**DESCRIPTION OF THE TASK:**
Output all of the data exactly as it appears, but leave out any pictures it contains.

**EXERCISE DATA:**
- - - - - - -

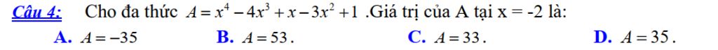 Khi `x=-2` thì `A=x^4 - 4x^3 + x - 3x^2 +1`
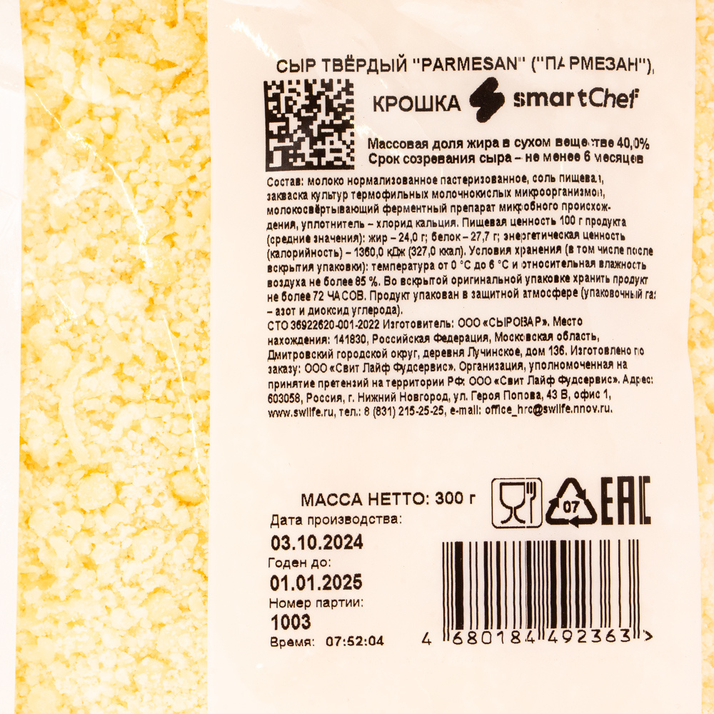 Готовая крошка — ускоряет подачу и финальную посыпку. Яркий выдержанный вкус подчёркивает пасты, ризотто и супы. Удобен для порционного контроля.
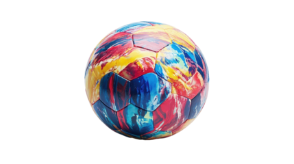 A vibrant, multicolored soccer ball displaying bold hues of blue, red, and yellow.

- - - - - - -

**ANSWER SECTION:**
 Khi `x=-2` thì `A=x^4 - 4x^3 + x - 3x^2 +1`
 Готовая крошка — ускоряет подачу и финальную посыпку. Яркий выдержанный вкус подчёркивает пасты, ризотто и супы. Удобен для порционного контроля.
 A vibrant, multicolored soccer ball displaying bold hues of blue, red, and yellow.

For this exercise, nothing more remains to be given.